In July, Medovex announced it was changing its name to “H-CYTE” and had entered into a business partnership with a start-up called Rion LLC — run by two researchers from the prestigious Mayo Clinic — to develop a new “proprietary cellular platform” to treat COPD.

In news releases, the company said the two researchers — Atta Behfar and Andre Terzic, who research regenerative medicine at Mayo — had joined its board of directors.”

Perhaps as a result of the suit and other issues, now another media report says the firm is having to layoff employees so seems surprising given all the money mentioned above. Note that Behfar and Terzic both of the Mayo, are not currently on the board according to the WaPo, but at the moment I checked they are still listed on the company website as being on the board.
Overall, we’ll have to keep an eye on the Lung Health Institute and H-CYTE, and in particular that lawsuit. I expect some big developments in the coming year.

1 thought on “‘I’d need a drink’: WaPo deep dive on clinic firm Lung Health Institute”

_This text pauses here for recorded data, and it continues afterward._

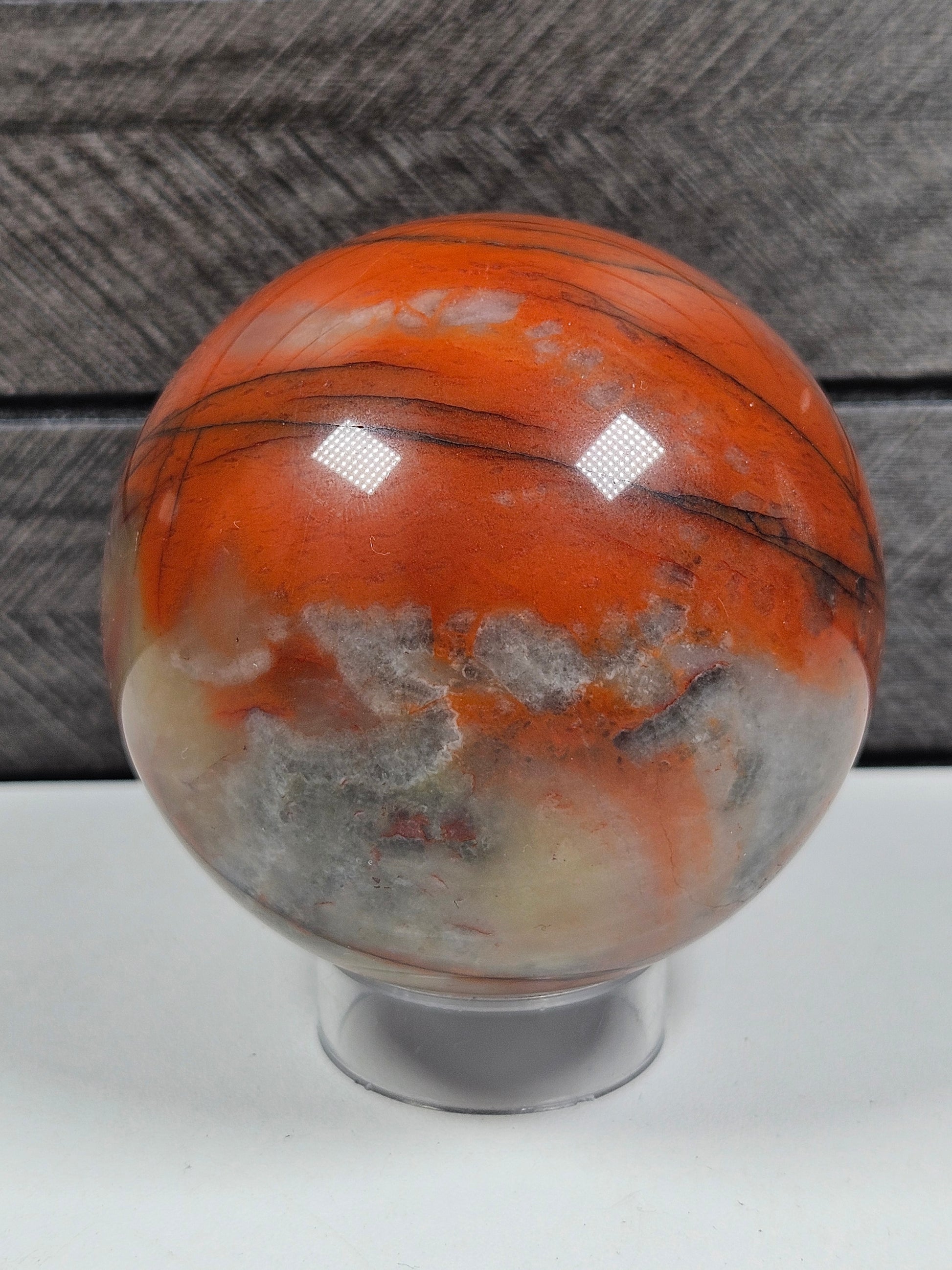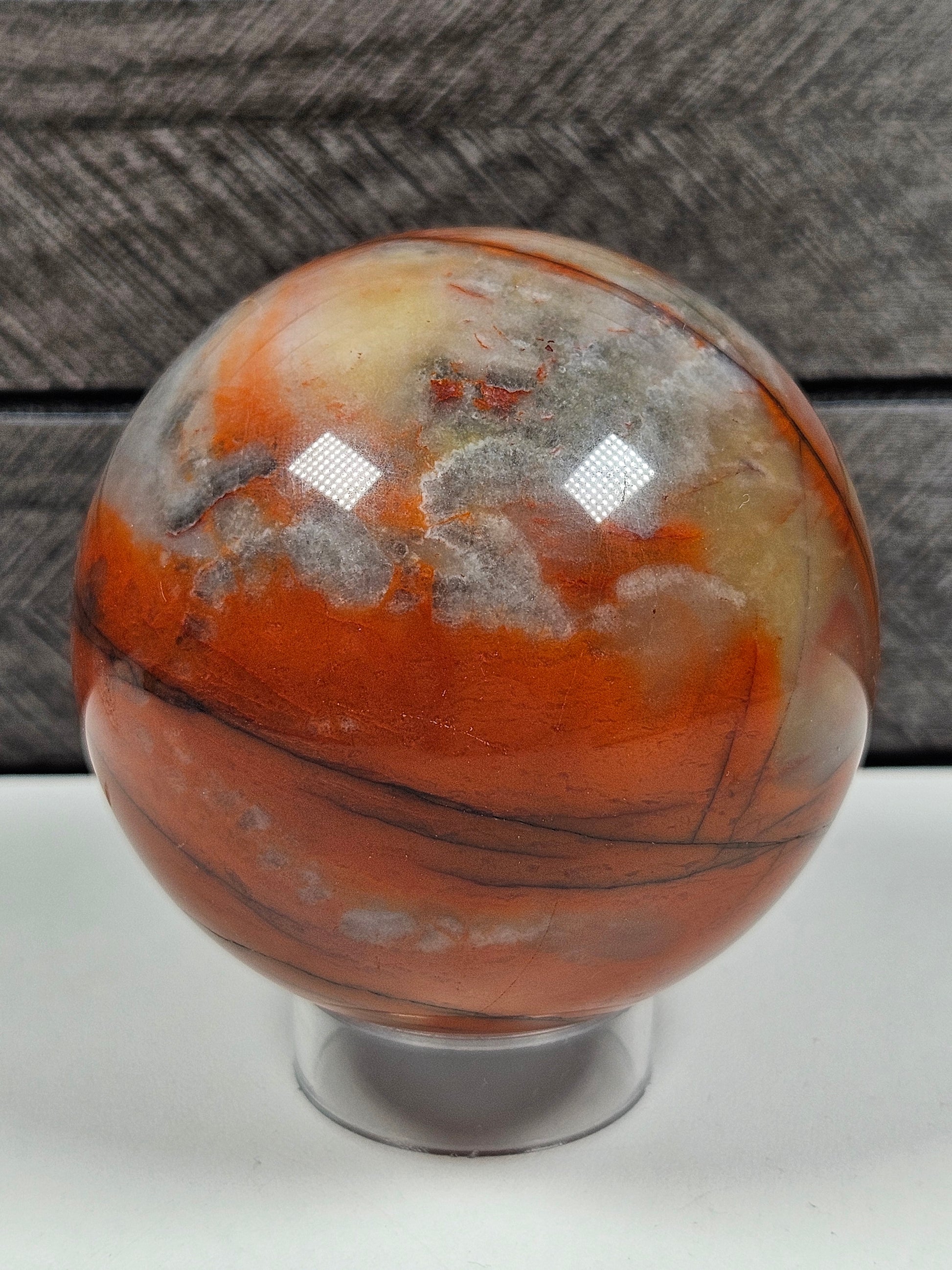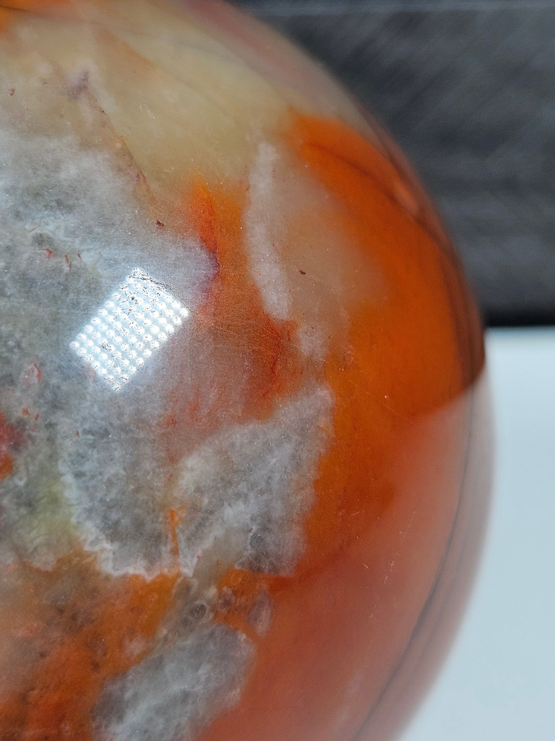 Deze Vuuragaat bol van 422 gram met een diameter van circa 6,7 cm is een indrukwekkende edelstenen bol met warme aardse kleuren en bijzondere natuurlijke patronen. De steen toont een mooie combinatie van roodbruine, oranje en grijze tinten die samen zorgen voor een levendige en krachtige uitstraling.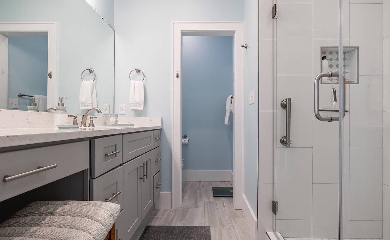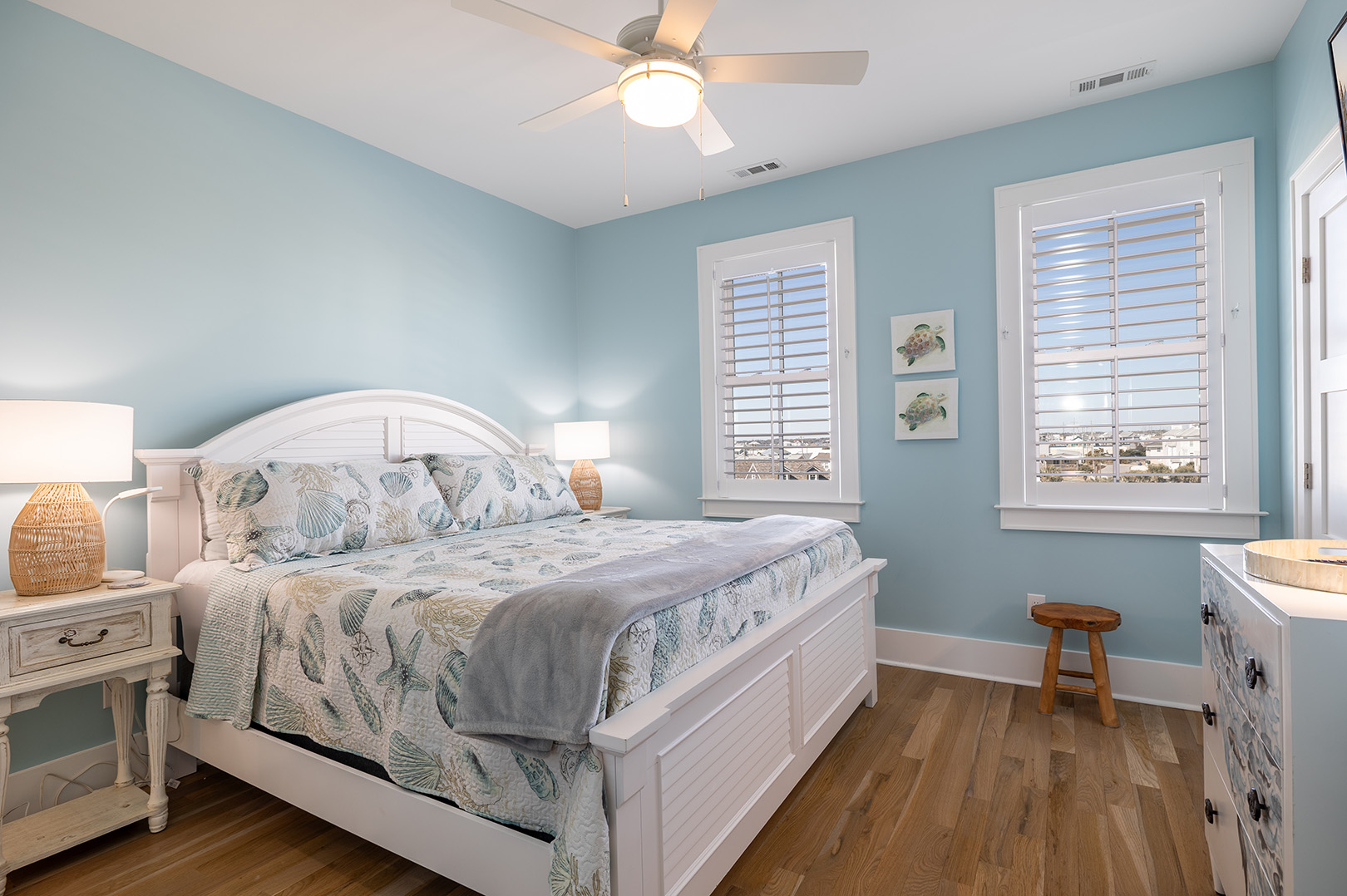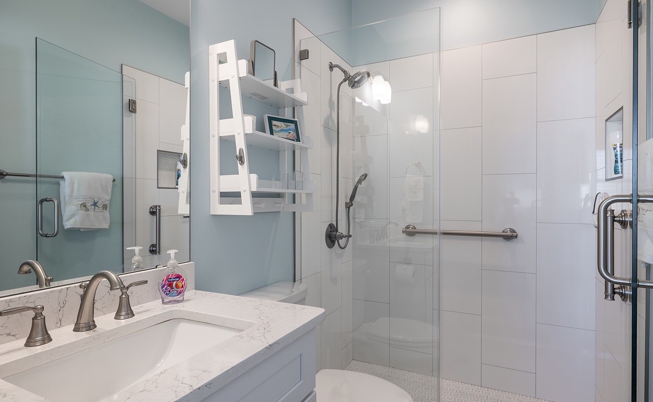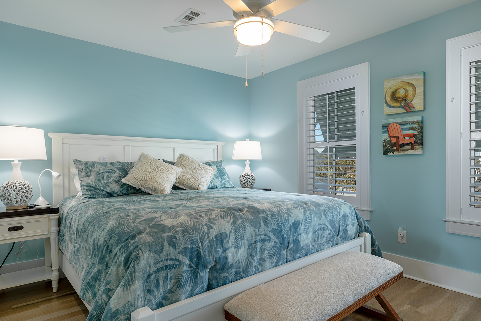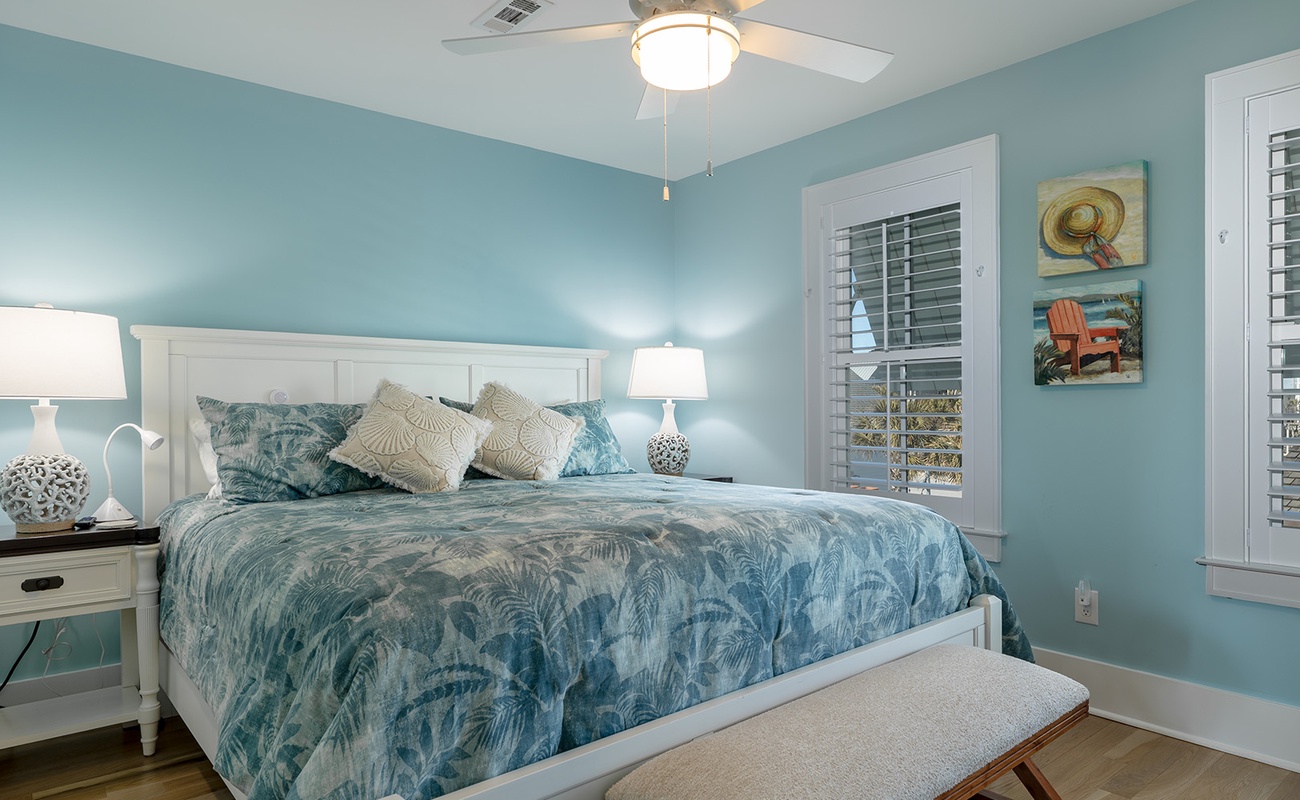 Accessible by elevator or stairs, this level has 3 coastal-inspired bedrooms.Â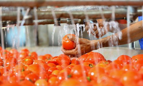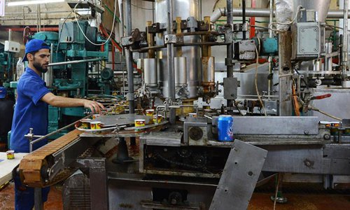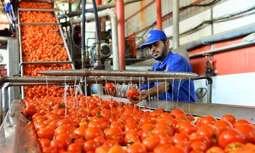 A Palestinian employee works at a tomato paste factory at the Jabalia refugee camp in the northern Gaza Strip, June 24, 2019. (Xinhua/Stringer)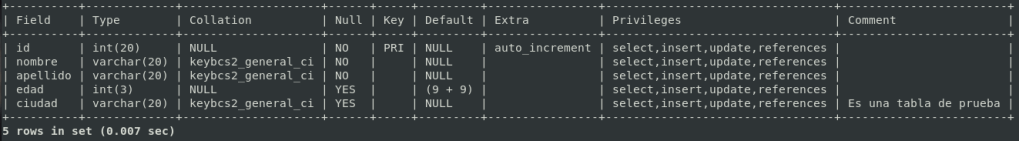 Este comando es ideal para cuando tenemos alguna duda sobre como se llaman o cuantas columnas posee una tabla, tambien nos brindara otra informacion que nos puede resultar de utilidad, primero veamos su sintaxis: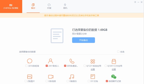 4、PC端助手收到手机发送的基本信息,选择要备份的内容: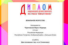 Воспитанница нашего детского сада, Череповская Надежда (6 лет), стала участницей международного детского фестиваля " Южный полюс" в номинации вокал.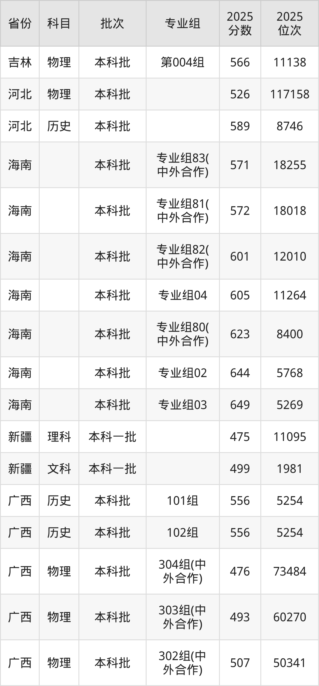 2025年江西财经大学全国录取分数线是432分到649分,录取最低在湖南物理类(第211组(中外合作))、录取最高在海南(专业组03)。各省各专业组最低分具有差异,详情如下:
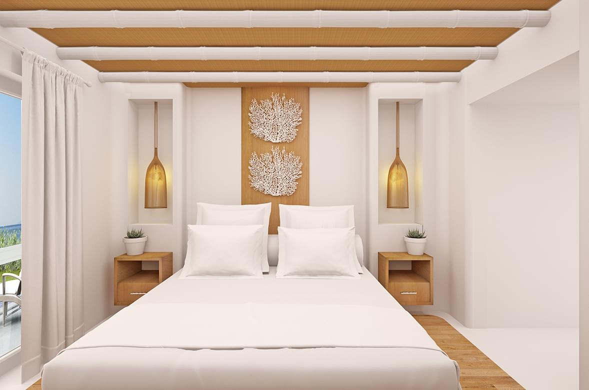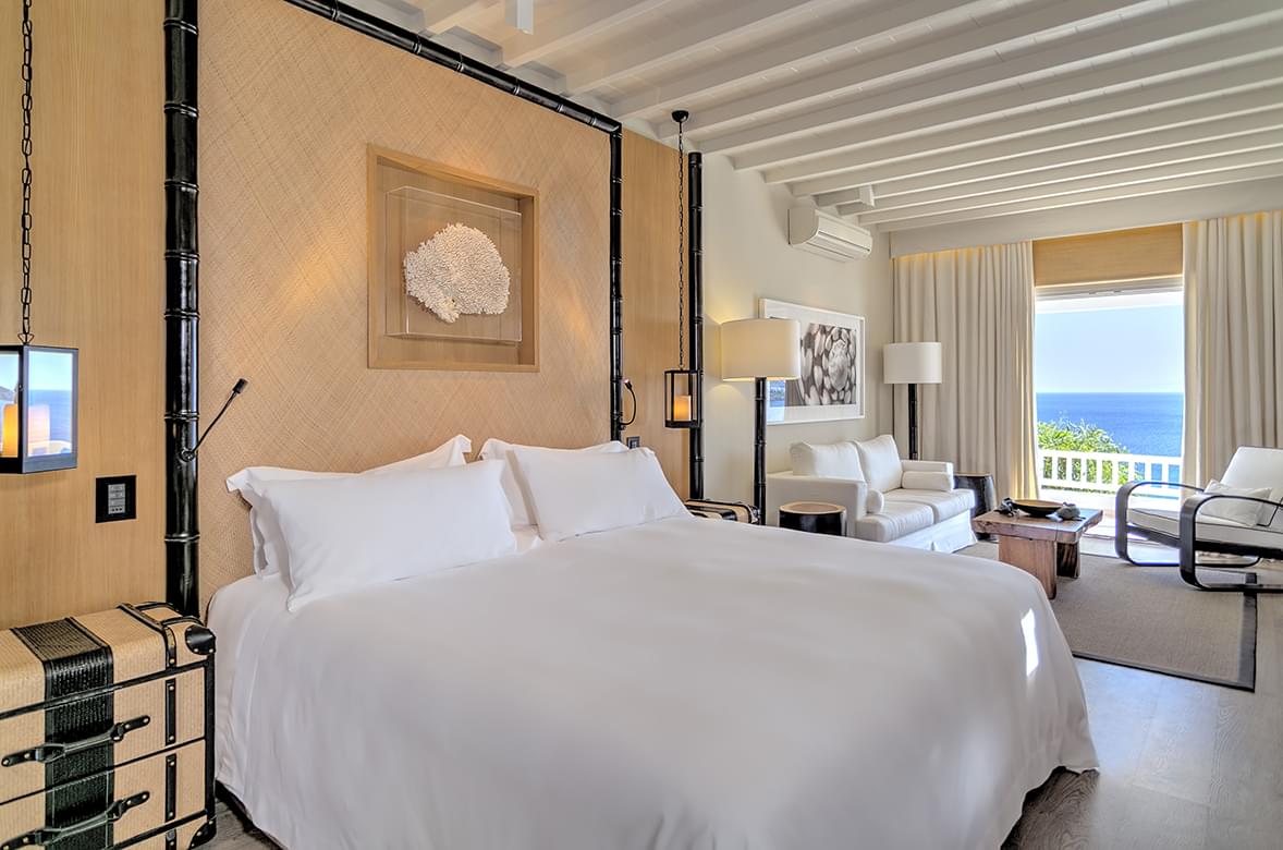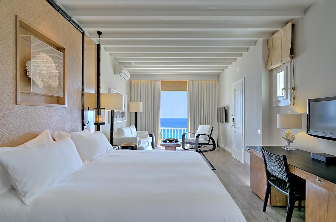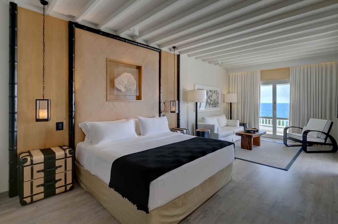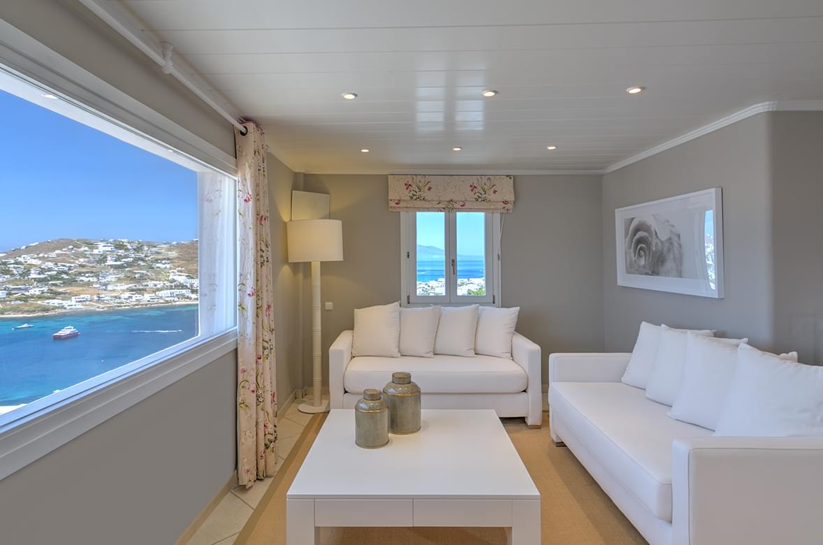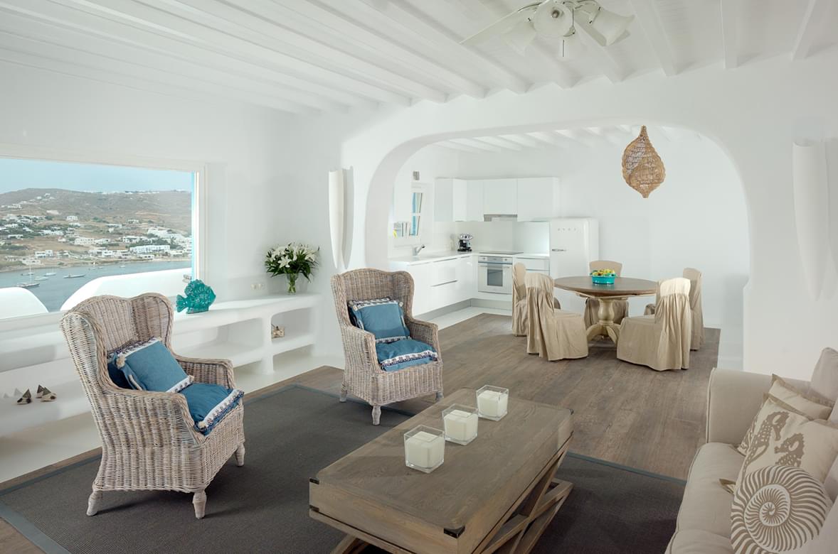 From a private terrace of a Deluxe Seaview Pool Suite, guests can enjoy from a captivating Ornos Bay panorama to a tranquil private pool, which in some suites is surrounded by a lush garden. If you’re looking for a family holiday, the living room’s sofa, chairs, and coffee table encourage communal experiences accompanied by drinks from the mini-bar.

  1. Hi, my father came all the way from the UK spending thousands of pounds in 2019 27th June, for this supposed ‘miracle treatment’ that was supposed to help with his IPF (idiopathic pulmonary fibrosis) he was onyl 65 at the time and completely well in himself with little breathlessness. He wasn’t diagnosed long before he went to the U.S. They told him the PRP /stem cell or whatever treatment would work within 3 months. My poor dads health rapidly declined within weeks of cominn back form the US. And he died exactly 3 months later on 30th September 2019. This place was an utter scam and I can’t believe my vulnerable father who just wanted to better his health from a terrible diagnosis of IPF. He may have lived years more. I truly believe what he had done at the lung health institute was something that sent his health downhill. Before that he was very well in himself and an active and fit man and just had the persistent cough. Is there any way I can take action against these people?

    Or at least give ann account of our experience somewhere to help others avoid going through what we went through as. A family.